Barbara Crawford Thompson (c. 1831–1912) was a Scottish woman who, as a teenaged girl, survived a shipwreck in the Torres Strait Islands of Australia and spent five years living with the local Kaurareg people. She was possibly the sole survivor of the November 1844 wreck of the cutter America, which ran onto Madjii Reef at Horn Island in Endeavour Strait near Cape York, Queensland.

==Early life==
She was born Barbara Crawford in Dundee, Scotland. She emigrated with her family to New South Wales on the immigrant ship John Barry which reached Sydney on 13 July 1837. The occupation of her father Charles Crawford was given as tinsmith.

==Shipwreck==
At the time of the shipwreck, Barbara Crawford Thompson had lived for twenty months in Brisbane with her lover Captain William Thompson as his de facto wife. The cutter America left Moreton Bay to salvage whale oil from the wreck of a whaler lost on the Bampton Shoal. Thompson is presumed to have died while trying to swim ashore after his cutter wrecked on a reef. Barbara survived and was rescued by Torres Strait Islanders. She was taken in by one of the clan leaders (buwai gizumabaigalai) of the Kaurareg people who believed that Barbara was the returned spirit (markai) of his recently deceased daughter.

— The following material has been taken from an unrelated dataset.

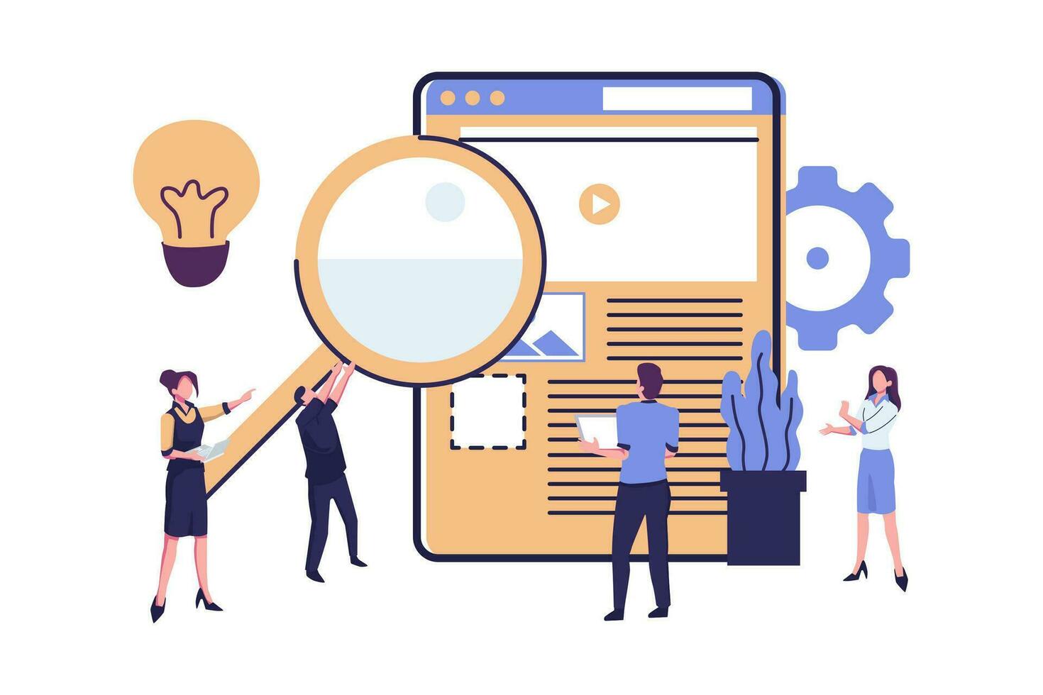 website development, teamwork, website coding, SEO concept, search engine, design for mobile and web vector

Barbara lived on Prince of Wales Island (Muralug) for five years and was called "Gioma" or "Giom" by her adopted family.

==Rescue==
On 16 October 1849, Barbara/Gioma managed to make contact with the British survey ship HMS Rattlesnake at Evans Bay near Cape York, and left with the ship. The Rattlesnakes artist, Oswald Walters Brierly, made detailed notes of her stay with the Kaurareg. Rattlesnake moored back in Sydney in February 1850, and Thompson was reunited with her family.

Little is known about her later life. It is believed she remarried at least once and died in 1912.

==Books==
Thompson's story is fictionalised in the 1947 book Isles of Despair by Ion Idriess.

Raymond J. Warren documents the events in the book Wildflower: The Barbara Crawford Thompson Story.